It is looking better and better to me with each update. Nice to hear Gary confirm what I have always said about the extra shading and colors on the ship, that it was just there to enhance to contours so they could stand up to repeated copying for the process shots and the small low res TV's of the '60's!! :thumbsup:


----------



## RMC (Aug 11, 2004)

*big E*

*I didnt get my update yet....... *


----------



## cbear (Aug 15, 2000)

I just signed up recently and got my first update a few minutes ago. Good info!

Chuck


----------



## Edge (Sep 5, 2003)

They definitely need to work on the canyons that pass as grid lines. 

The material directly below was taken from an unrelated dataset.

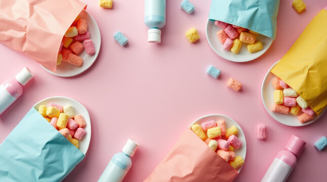 A delightful pink cup brimming with colorful mini marshmallows, set against a soft pastel backdrop, evoking feelings of whimsy, joy, and nostalgia in a playful manner.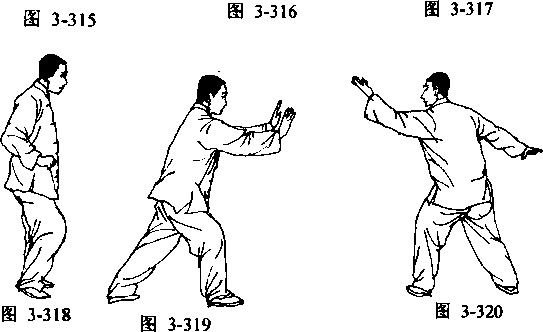 站好左七星势(图3—315),左掌不动,脚尖左摆,右 掌随右步向前迈由左掌腕下往前穿出。双掌掌心向上(图 3-316),随之同时外翻(图3—317),五指向前抓握成拳, 拳心向下屈肘拉回向胸腹两侧(图3—318)。同时右足和左 足交替向前迈三步。双臂随步摆动,然后变掌合右足向前迈 步时扑出(图3—319)。随即左掌向身后穿掌,左足随之向 后转身迈步(图3—320)。右掌由左臂下向上穿出,掌指高

Very happy to see the alignment of the nacelles.


----------



## Opus Penguin (Apr 19, 2004)

It looks fantastic, but agree on the grid lines. If they can be much more subtle this kit will be perfect. Looks like they got the nacelles to fit with no sag.


----------



## jheilman (Aug 30, 2001)

Can't wait to see it at Wonderfest.

Although bummed that my shirt never arrived.


----------



## kenlee (Feb 11, 2010)

RMC said:


> *I didnt get my update yet....... *


Check your spam folder, for some reason mine was there even though none of the other updates were sent there.


----------



## John P (Sep 1, 1999)

I guess it'll be there when I get home!


----------



## Captain April (May 1, 2004)

I'd be interested in Gary's take on Miarecki's paint job, compared to what is theorized to have been there originally.


----------



## SteveR (Aug 7, 2005)

Yep, the kit looks great. Overall, it has just the right shape, with no compromises. 

Except for ... you know.


----------



## RSN (Jul 29, 2008)

Captain April said:


> I'd be interested in Gary's take on Miarecki's paint job, compared to what is theorized to have been there originally.


Gary was not "theorizing" about the original paint, his comments were about the paint on the top of the Primary Hull wich has never been changed since the '60's and also based on what I presume are photo references he has seen from prior restorations at the Smithsonian. :thumbsup:


----------



## Warped9 (Sep 12, 2003)

I'm falling in love with the Enterprise all over again. It looks *fantastic! * :thumbsup:


----------



## Captain April (May 1, 2004)

RSN said:


> Gary was not "theorizing" about the original paint, his comments were about the paint on the top of the Primary Hull wich has never been changed since the '60's and also based on what I presume are photo references he has seen from prior restorations at the Smithsonian. :thumbsup:


I'm pretty sure he can speak for himself, and probably will shortly.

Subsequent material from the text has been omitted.